Although the sample locations are shown as circular disks, the actual samples were much larger in size and rectangular in shape. After sampling, the end lap was subsequently reassembled with new butyl polymer tape sealants and supplemented with tube-grade butyl polymer as necessary to ensure a complete, weathertight seal on a new GALVALUME section.
Based on independent laboratory measurements, the corrosion rate in grams per square meter per year, or g/m2/yr, was calculated for each roof by dividing the amount of corrosion loss by the age of the roof. Using these corrosion rates, the projected panel service life can be calculated as the time required for total coating loss from the top surface caused by corrosion. This was done assuming the GALVALUME roof panels would be installed today with material ordered at a nominal coating mass of 165 g/m2 (AZ55), which is representative of most bare GALVALUME SSR systems today.
These projected panel service lives are plotted in Figure 3 against the precipitation pH values recorded near the respective building locations. Although these values vary as a function of local precipitation pH, they are, nevertheless, in good agreement with other studies, including “55% Al-Zn Alloy Coated Sheet Steel: The Versatile, Long Lasting Building Panel Steel,” Proceedings of the 5th International Conference on Zinc Coated Sheet Steel, 1997; “Atmospheric Corrosion Resistance of Skyward- and Groundward-Exposed Surfaces of Zinc- and 55% Al-Zn Alloy-Coated Steel Sheet,” Corrosion, Vol. 54 (7), 1998; and “Performance of 55% Al-Zn Coated Steel Sheets Used in Residential Houses in Australia,” Proceedings of the 4th International Conference on Zinc and Zinc Alloy Coated Steel Sheet, 1998.
The reference line at 60 years is significant in that it represents the “assumed building service life” in calculations of life-cycle analysis by the Athena Sustainable Materials Institute, Ottawa, Ontario, Canada. Thus, the data from this project support the proposition that a GALVALUME SSR system could be installed today on new or retrofit low-slope roof systems in a wide range of environments and not require replacement during the building’s entire service life. Of course, proper roof inspections and maintenance associated with roof ancillaries would still be required as they are with any other roof system. But the projected service lives demonstrated in the study demonstrate the sustainable benefits of using GALVALUME-coated SSR panels for new and retrofit applications.
Attention to reducing energy has resulted in many new codes and standards being introduced. One example is the International Code Council’s (ICC’s) International Green Construction Code, which is structured similarly to the voluntary LEED building rating program. Chapters about site sustainability, energy, materials and water are designed to limit the use of resources and energy while meeting the criteria in this code. The International Energy Conservation Code is another ICC code that is exclusively focused on energy usage in buildings. Under both these codes, a cool metal roof can help a building meet the ever-increasing stringent energy code.

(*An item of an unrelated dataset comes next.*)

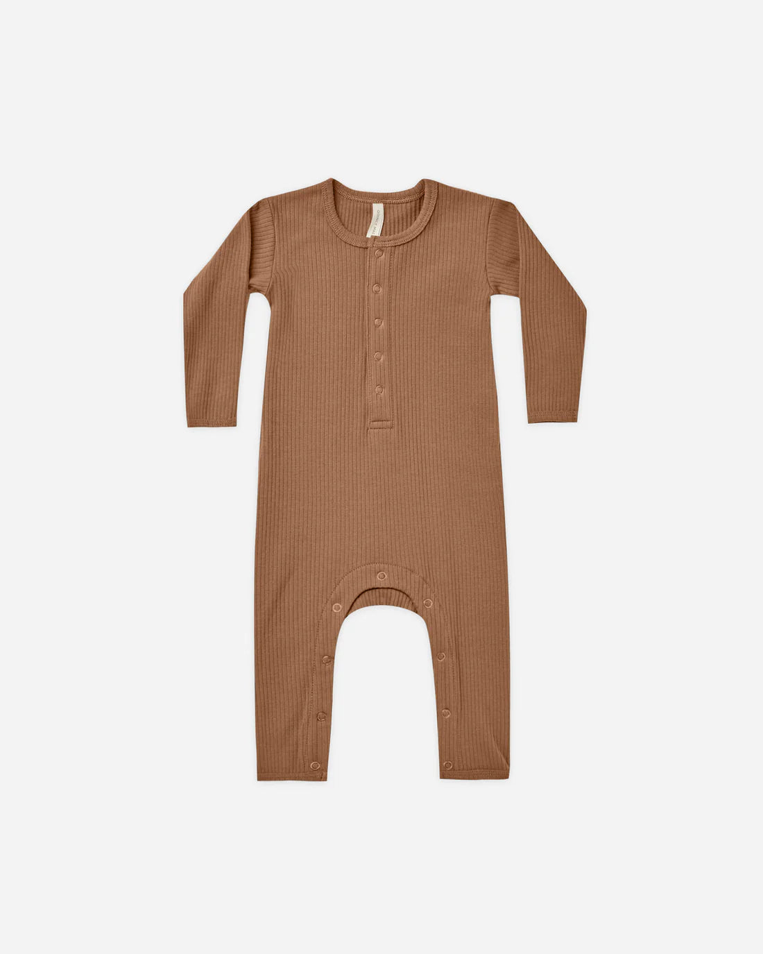 Baby jumpsuit in our stretchy rib knit. Slim fit with added stretch to grow with your baby. Snaps along inseam and down front for easy changing.

In addition to codes and standards, there are many voluntary programs that rate buildings or create incentives for reducing energy. The most formidable green-building rating program is the U.S. Green Building Council’s LEED. Building projects that use metal roofing and metal components can qualify for many points in LEED, including a credit that is related to the impact of cool roofing on heat-island heating.
Energy Star is also a voluntary program that has a Roof Products Category. Energy Star identifies products that meet certain performance standards indicating they can contribute to reducing energy in a building. GALVALUME roofing can meet the criteria in Energy Star for solar reflectance in low- and steep-slope applications.

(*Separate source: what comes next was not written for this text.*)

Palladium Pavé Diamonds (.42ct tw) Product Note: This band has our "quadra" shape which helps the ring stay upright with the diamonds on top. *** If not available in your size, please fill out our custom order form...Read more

The explosion of so many codes, standards and incentive programs makes it almost impossible to know what is being enforced or offered in specific jurisdictions. To assist with that, the Building Codes Assistance Project (BCAP), Washington, is sharing information about the codes that have been adopted, contact information at the code offices, and demographics about construction activity and population in local and state jurisdictions on areas around the country.
An excellent reference for incentives available for renewable energy or energy-efficiency upgrades at the federal, state and local level is the Database of State Incentives for Renewable Energy (DSIRE), which is operated by the North Carolina Solar Center at N.C. State University, Raleigh, and Interstate Renewable Energy Council, Latham, N.Y., and funded by DOE.
In the area of energy reduction, the building construction industry is headed toward the ultimate in energy efficiency: net-zero-energy buildings. In fact, the Commercial Buildings Consortium was established in response to the Energy Independence Act of 2007. It is comprised of commercial building stakeholders working with the DOE to develop and deliver technology, policies and practices to ensure all new construction commercial buildings are net-zero energy by 2030 and all commercial buildings of any kind be net-zero energy by 2050.